“What Was Huckabee Talking About?”: I Can Hardly Believe That I Share The Same Country With The Man
Republican National Committee Chairman Reince Priebus invited former Arkansas Governor Mike Huckabee to be the keynote speaker at the RNC’s winter meeting, but it appears that he regrets that decision:
Priebus responded to Huckabee’s comments, telling the Washington Post, “I don’t know what he was talking about. Sort of a goofy way of using some phrases. Not the way I would have phrased it.”
I don’t know what Mike Huckabee was talking about, either. When he was serving as governor, Huckabee signed a law mandating that health insurance plans provide contraceptive coverage, and he made no exceptions for religious institutions. And, despite the fact that his hero Jesus was quite clear that he had nothing but the harshest contempt for hypocrites, Huckabee is now behaving as if contraceptive coverage in health care plans is some kind of violation of people’s religious rights.
His actual comments were more than ‘goofy.’ They were nonsensical. I don’t know if he asks his nieces to refer to him as ‘Uncle Sugar,’ but I certainly hope not. The main thing is that he wants us to have a national discussion about contraception.
“If the Democrats want to insult the women of America by making them believe that they are helpless without Uncle Sugar coming in and providing for them a prescription each month for birth control because they cannot control their libido or their reproductive system without the help of the government, then so be it. Let us take that discussion all across America.”
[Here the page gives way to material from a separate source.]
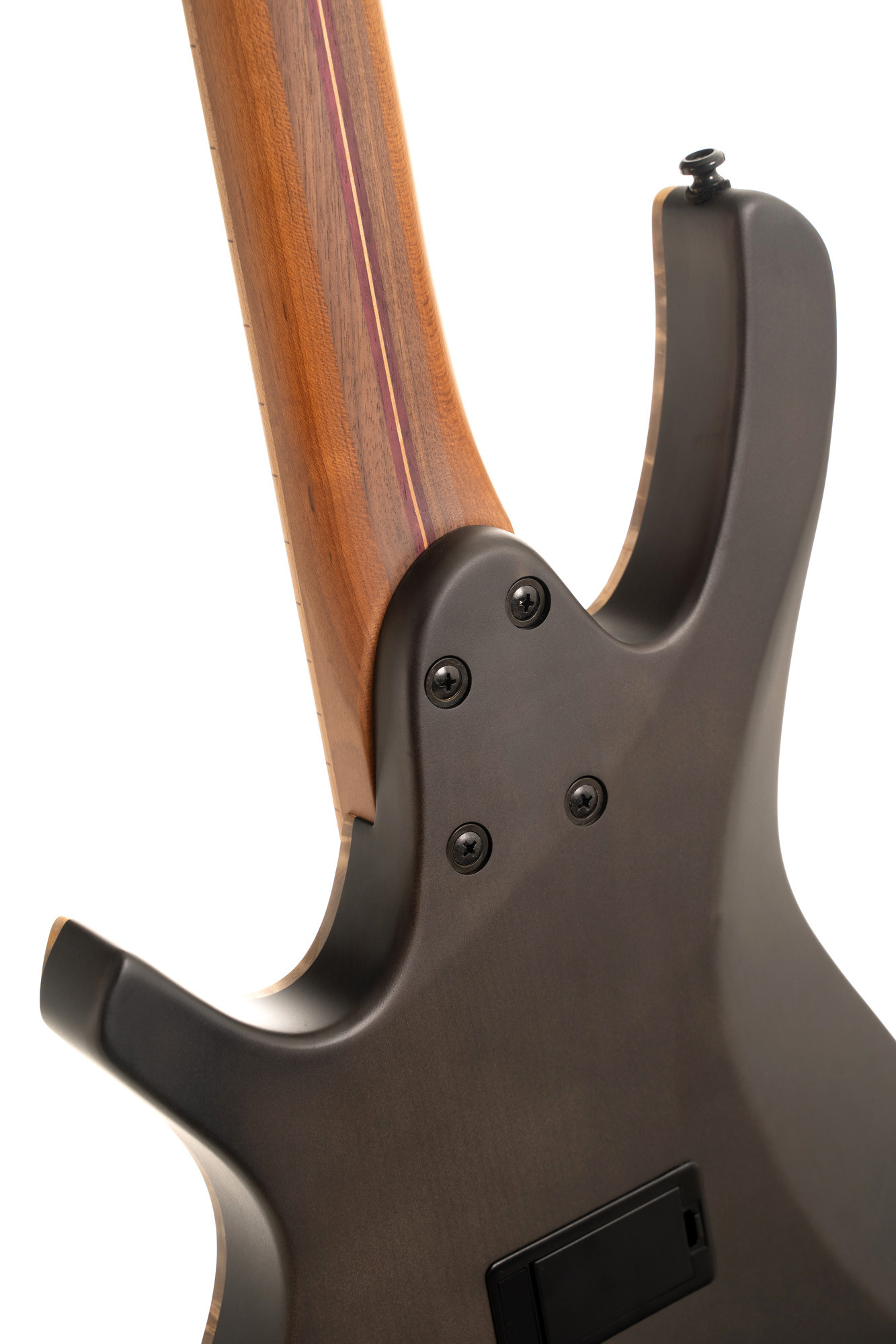 • 7-piece neck in roasted maple, walnut, purpleheart, and maple

I’m not sure that anyone knows quite what the hell that comment is supposed to mean. He later explained that “My point was to point out that Dems have put a laser-like focus on government funded birth control and given it more attention than cancer drugs.”
Does anyone think Huckabee’s point was that Democrats are not highlighting enough how ObamaCare is giving people access to life-saving cancer drugs?
Anyone?
I’ve tried to decipher Huckabee’s meaning and I’ve read other people’s attempts to explain his comments, but I think I’ll have to chalk it up to some kind of cultural misunderstanding. It’s kind of like the tension I feel between having total contempt for how Saudi Arabia treats women and religious freedom and my tolerance for different cultures having different laws and beliefs. Maybe your typical Saudi understands what Huckabee was trying to say, but I certainly don’t. I can hardly believe that I share the same country with the man.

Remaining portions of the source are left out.